ABSTRACT

Malaria is an infectious disease spread to humans by the bites of infected female Anopheles mosquitoes. Vernonia amygdalina is a commonly grown plant in the country, and its huge presence with ease of cultivation makes its medicinal capability worth exploring. Therefore, this study sort to assess the toxicity and in vivo antimalarial activity of Vernonia amygdalina in mice.

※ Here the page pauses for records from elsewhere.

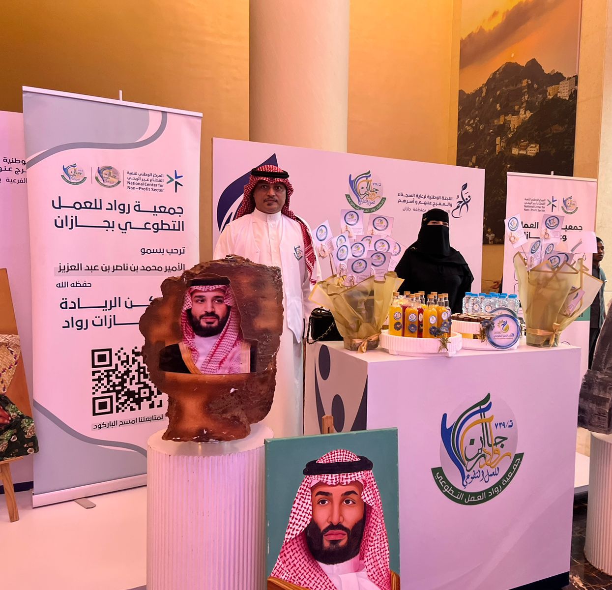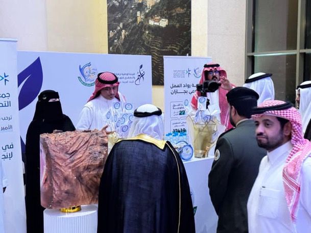 وتميزت الجمعية بتقديم ركن إبداعي احتوى على مجسم لجبل طويق ولوحات فنية وبعض التوزيعات التعريفية للجمعية ، حظيت بإعجاب وكيل الإمارة، ورئيس لجنة تراحم جازان وزوار الركن، كما استمع الجميع لشرح مفصل من قبل الأستاذ عبدالكريم خواجي والأستاذة زهراء النعمي عن المشروع الذي تم بين الجمعية ولجنة تراحم والمنجزات التي تحققت من خلاله
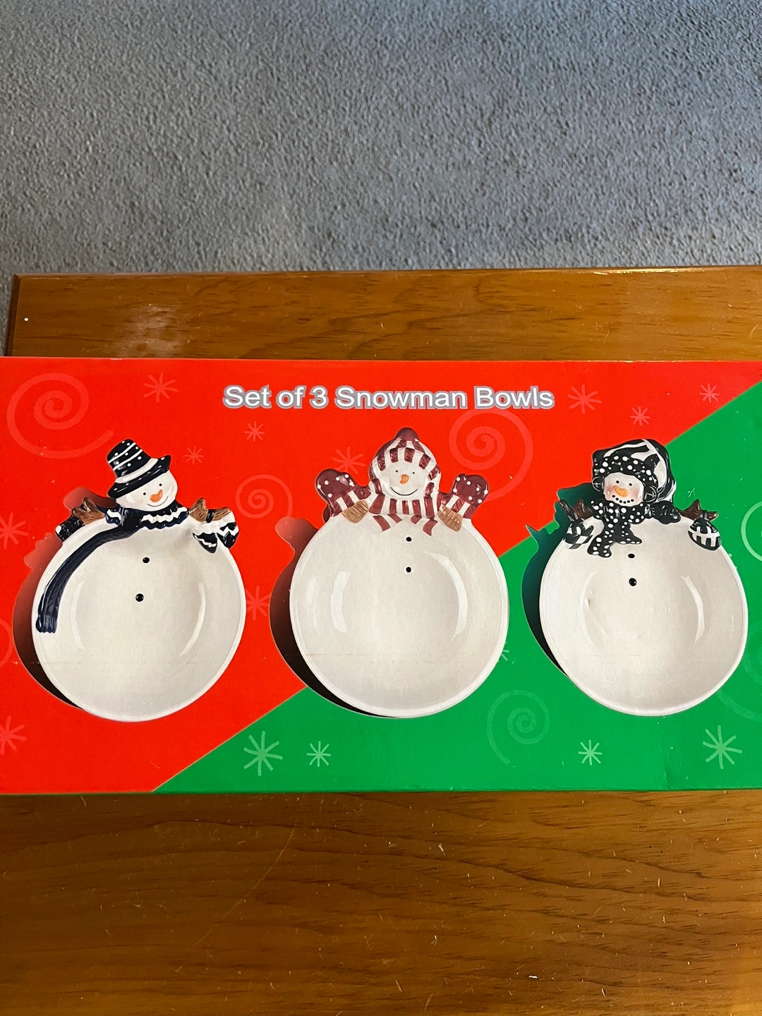 Set of 3 snowman bowls. Each bowl features a different snowman design. Not for microwave or dishwasher use.
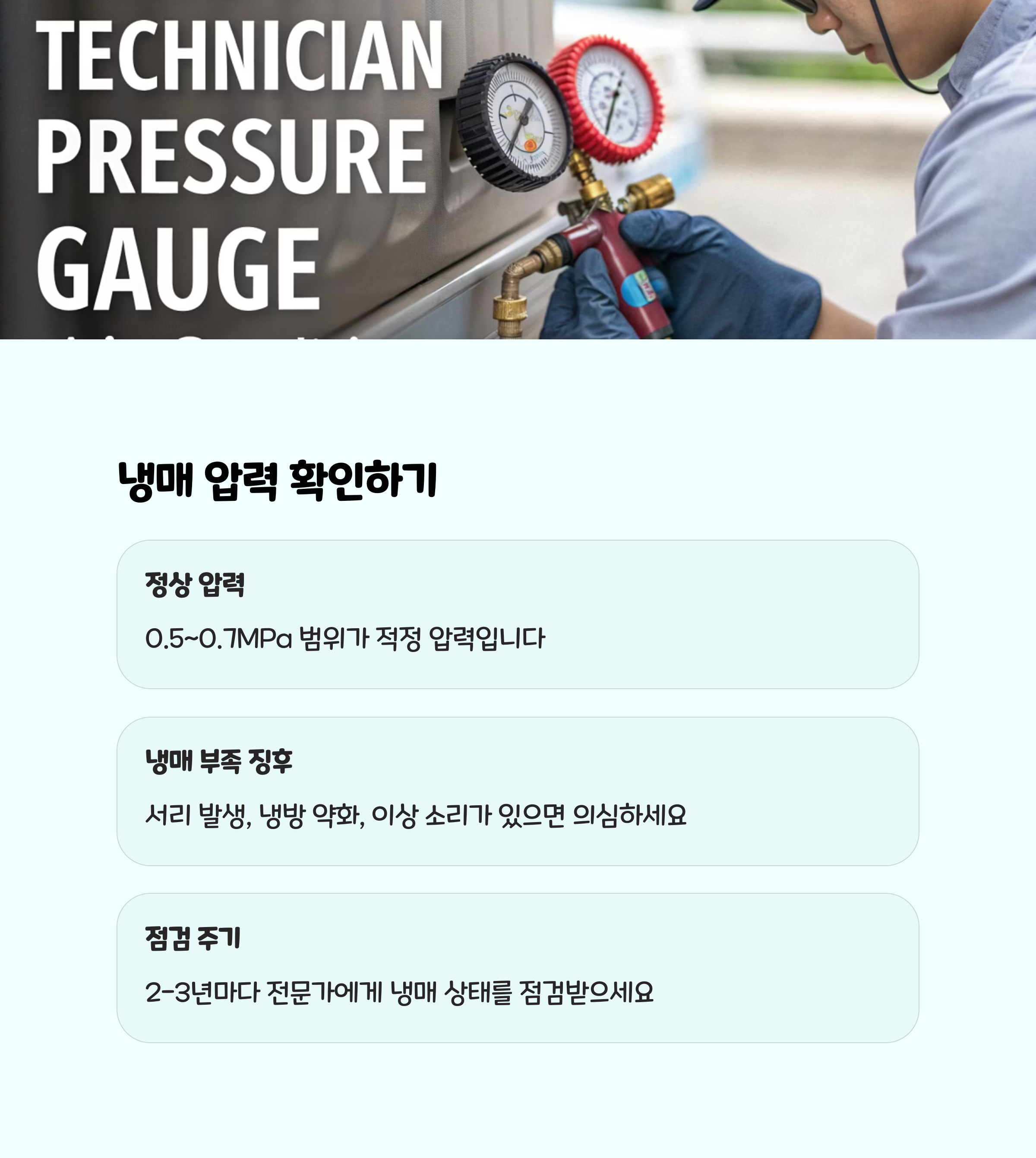 | 냉매 압력 | 6개월 | 동관 온도, 이슬 확인, 필요시 전문가 점검 |
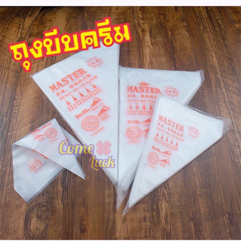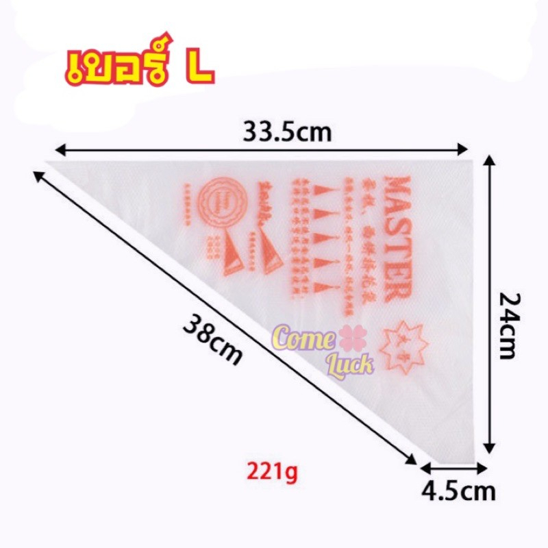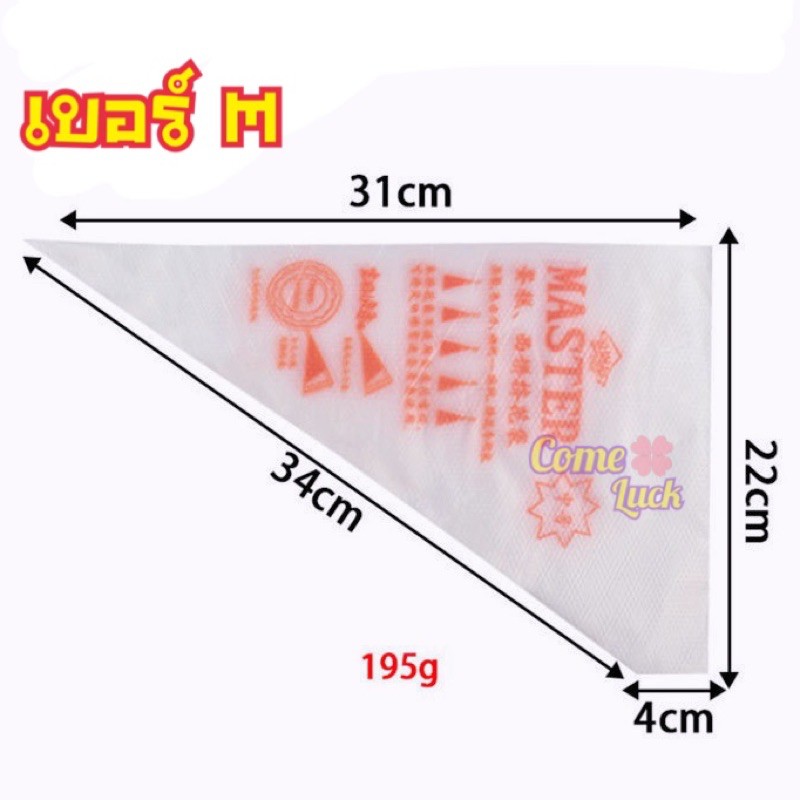 ถุงบีบครีมสำหรับแต่งหน้าเค้ก บีบครีมลายเส้น แพคประมาณ100ใบ S,M,L
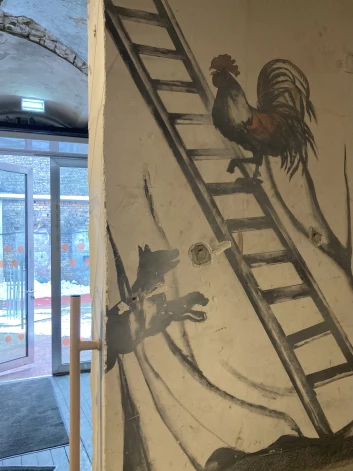 На стене гардероба сохранены автографы гастролировавших здесь артистов.
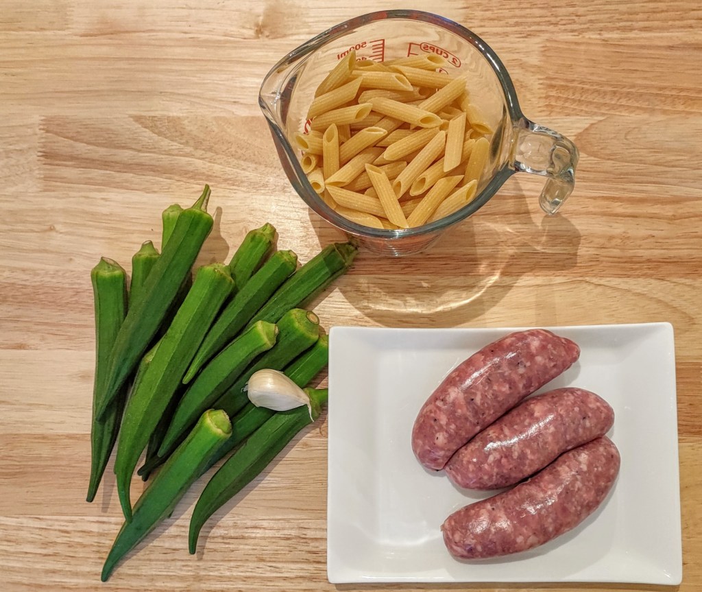 Pasta with sausage and okra, is by no means classical Italian food. However, the combination of sweet Italian sausage simmered with okra largely creates its own magical sauce with very few, common ingredients — and you can be eating in 25 minutes. It is definitely more delicious than the sum of its ingredients.

Acute toxicity was done using the OECD 2001 method. This was followed by investigating Vernonia amygdalina for its antimalarial potential in mice model of malaria. In the acute study, no deaths were observed when mice were administered the extract up to a dose of 2000 mg/kg b.wt, indicating that the extract is safe at that dose. For the malaria study, the Peter’s 4-day suppressive study was done by infecting mice with 1x10⁵ chloroquine-sensitive Plasmodium berghei (NK-65) followed by the oral administration of chloroquine (standard antimalarial drug at 25 mg/kg b.wt.) and graded doses of the extract (100, 250, and 500 mg/kg body weight). Administration was for 4 days. Chloroquine and the extract at 250 and 500 mg/kg b.wt. resulted in a significant decrease in parasitemia as compared to the negative control group (received the vehicle, normal saline) on days 4 and 10. The findings of this study suggests that Vernonia amygdalina is viable and safe for use in the treatment of malaria.